Marrakech felt different the moment the festival lights came on. The city moved with a quiet confidence that set the tone for the week. The air carried that mix of cinema, celebrity, and fashion that only this place seems able to hold without effort. As the 22nd session of the Marrakech 2025 International Film Festival unfurled, fashion stepped up to claim its own spotlight. The city’s desert-tinged palette merged with red-carpet glamour. What emerged was less about fleeting trend and more about chic, bold, iconic presence.
Jenna Ortega became a centerpiece of this style narrative. She walked the red carpet in a sculptural black gown with a plunging backless design that hugged her waist and flared gently to the ground.
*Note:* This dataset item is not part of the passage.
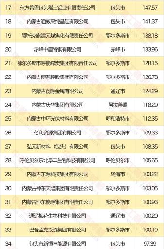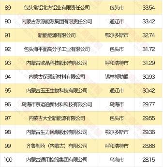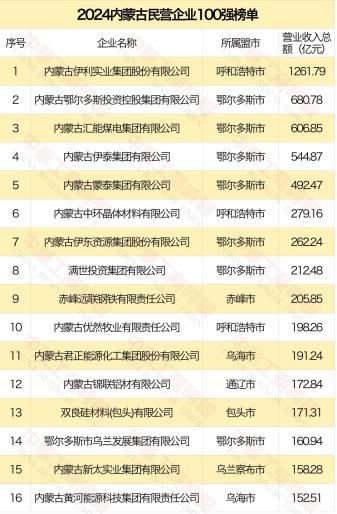 2024内蒙古民营企业100强榜单

The simplicity of a gold necklace, smoky eyes, and softly tousled hair let the gown speak for itself.
The outcome was powerful. Such an outstanding piece, hugging the silhouettes of her curves, while radiating the beauty that Jenna is. When beauty matches glamour, the result is what stands tall in museums to show the generation coming what the paths carved by the forerunners looked like.
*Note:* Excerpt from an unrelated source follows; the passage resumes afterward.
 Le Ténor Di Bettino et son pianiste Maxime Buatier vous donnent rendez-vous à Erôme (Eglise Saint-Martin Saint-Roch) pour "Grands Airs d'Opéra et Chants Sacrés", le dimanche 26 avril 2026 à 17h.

At the same ceremony, Anya Taylor-Joy stood in a strapless black gown. The floor-length dress gathered softly at the waist and flowed with a quiet strength. White floral details at the wrists introduced softness to the austere silhouette. The effect was sculptural yet feminine. Like architecture in fabric. Her understated look felt timeless, a counterpoint to more overt glamour around her.
The festival’s red carpet didn’t rigidly follow a single aesthetic. In previous years at Marrakech, names such as Virginie Efira, Monica Bellucci and others have shown how sleek minimalism and classic couture remain staples. Efira often opts for black velvet or crisp silhouettes that hint at seduction without shouting. Bellucci, meanwhile, has mixed velvet capes and tailored jumpsuits to add texture and rhythm to the red carpet flow.
Occasionally the festival allows for drama. In 2024 one memorable moment came when Diane Kruger wore a dress by Christopher Esber with a dramatic sculptural element. Even when the colour or cut polarized opinions, the silhouette demanded attention.
What strikes this year is how the festival confidently balances extremes — the restrained and the daring. Nothing feels accidental. Instead there is deliberateness in the choice of silhouette, fabric, and mood.
Black is such a classy color, especially when worn as an evening gown, on one of the most iconic red carpets, the 2025 Marrakech International Film Festival. And ofcourse other, colors of outfits sshine brightly at the 2025 Marrakech International Film Festival, alongside all the sparkly diamonds and pieces of jewelry.
More than clothing, this festival became a conversation between tradition and modernity. The old, desert city of Marrakech itself stood like a moment in time, hosting one of the most iconic events in fashion history.
Beyond the red carpet, what this year’s festival suggests for fashion watchers is a shift. The emphasis is no longer solely on ornate gowns or overt glamour. It’s about intention. It’s about shape, silhouette, how fabric falls and flows. It’s about mood and the power of understatement. For an audience now weary of noise and clutter, that feels potent. It asks: can fashion hold quiet strength and still stir the heart.
You might ask what makes these looks iconic beyond the labels. In my view it is the way they combine discipline and freedom. The gown that outlines the body without exaggeration. The dress that moves but does not scream. The cooler palette that whispers not shouts. This is style working through subtlety rather than spectacle.
Watching the festival unfold, it feels like we are witnessing a recalibration. Glamour hasn’t gone anywhere. But the definition has expanded. It now includes restraint, sculptural elegance, and sculpted statements that speak without excess.
For those of us who watch style not just as clothing but as culture, this year’s red carpet in Marrakech 2025 International Film Festival delivered. It reminded us that boldness isn’t always loud. Sometimes it’s composed. Sometimes it’s quiet. Sometimes it’s simply chic in Marrakech.